В темном балахоне, призванном, по всей вероятности, выполнять роль платья, с маленьким черным снарядом в вытянутой правой руке, как оказалось, — микрофоном, она стремительно передвигалась по залу и с такой же стремительностью извергала вспышки слов. И уже первая такая вспышка содержала не больше, не меньше как требование исправить... ошибки горьковского доклада на I съезде писателей, том самом, хрестоматийном: «Национальные республики делали свои доклады, пусть это было скучно, они делали подробные информационные доклады о том, что произошло за годы до съезда... А когда дело дошло до русской советской литературы, то ни в докладе Горького, ни в содокладах не было никакого анализа того, что произошло в советской и русской литературе в 20 — 30 годы, и это было настолько убийственно для нас, настолько тяжело, что я прекрасно помню все разговоры, которые тогда были».
О событиях двадцатилетней давности она говорила, как о вчерашнем. Константин Михайлович во избежание осложнений усиленно кивал, слушая ее, и усердно записывал в книжицу все, что она говорила, хотя в зале находились две его стенографистки. Несмотря на грозный вид и повелительный тон Мариэтты, слушать ее было приятно и весело, тем более, как он догадывался, что это было отнюдь не самое страшное, что ему предстояло услышать.
Либединский поднял вопрос о резком и опасном снижении мастерства в послевоенной прозе. Сергей Антонов, подхватив его тезис, выразил обеспокоенность, что в докладе Константина Михайловича эта проблема отодвинута на третий план. Тут Каверин поспешил вставить, что докладу вообще не хватает мыслей, идей.

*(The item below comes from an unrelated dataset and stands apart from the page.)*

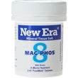 New Era Number 8 Mag Phos (Magnesium Phosphate) 240 Tablets contain triturated (finely ground) tiny particles of cell salt in easy to take, dissolve on the tongue 'FastMelt' tablets with the essential nutrient biotin. Each bottle contains 240 small "melt under the tongue" tablets for which New Era is famous. Their cell salt nutrients are therefore more rapidly absorbed into the bloodstream than any ordinary tablet can be expected to achieve when chewed, swallowed or taken with a drink. A little extra Biotin added an essential nutrient which contributes to the Numberrmal energy-yielding metabolism, the functioning of the nervous system, Numberrmal macronutrient metabolism and psychological function. It also contributes to the maintenance of Numberrmal hair, skin and to the maintenance of Numberrmal mucous membranes.

С особым ожесточением набросились все на Бабаевского, который был упомянут в его тезисах добрым словом. Досталось Софронову, Бубеннову, Сурову с его пресловутой «Зеленой улицей», хотя речь о драматургии в принципе не шла.
Оборонялся, как мог:
— Я не принадлежу к числу больших поклонников Бабаевского, но в его романах есть какой-то отклик на то, что интересовало читателя в то время. Читатель хотел знать о современной деревне.
— И что же он узнал? — выкрикнули из зала.
Не называя конкретных имен, Каверин заметил, что интересно было бы сказать несколько слов о замолчавших писателях. После войны они перестали писать. Почему?
Сергей Антонов предложил сказать в докладе о форме и формализме: «Мы видим на примере с живописью, как борьба с формализмом превращается в борьбу с новыми формами, что совершенно неверно».
Увы, не встретило поддержки и самое заветное — специально приведенные здесь в систему рассуждения о статье Померанцева в «Новом мире».
Разговор получился долгий, неприятный, колючий. Самое тяжкое было в том, что стороны обозначились не только по формальному, что ли, признаку — есть докладчик и есть его оппоненты. Ему виделось и слышалось что-то другое.
На съезде все, что таилось по углам, все, что могло показаться лишь плодом раненого воображения, выплеснулось наружу. Он выступал на съезде не раз: и с докладом, и в прениях. Затрещин, хороших, увесистых, раздал, быть может, даже больше, чем получил сам, но удовлетворения от этого не почувствовал.
Кто-то уловил и использовал в своих групповых интересах то, что он сам называл аллергией на него Хрущева. Ему теперь казалось, что она родилась куда раньше, чем злополучная передовица о Сталине. Может, еще во времена их мимолетных встреч на войне, может, подполковник Симонов, чувствовавший себя всегда чем-то большим, чем просто подполковник, не выказал при встрече должного почтения вспыльчивому генерал-лейтенанту.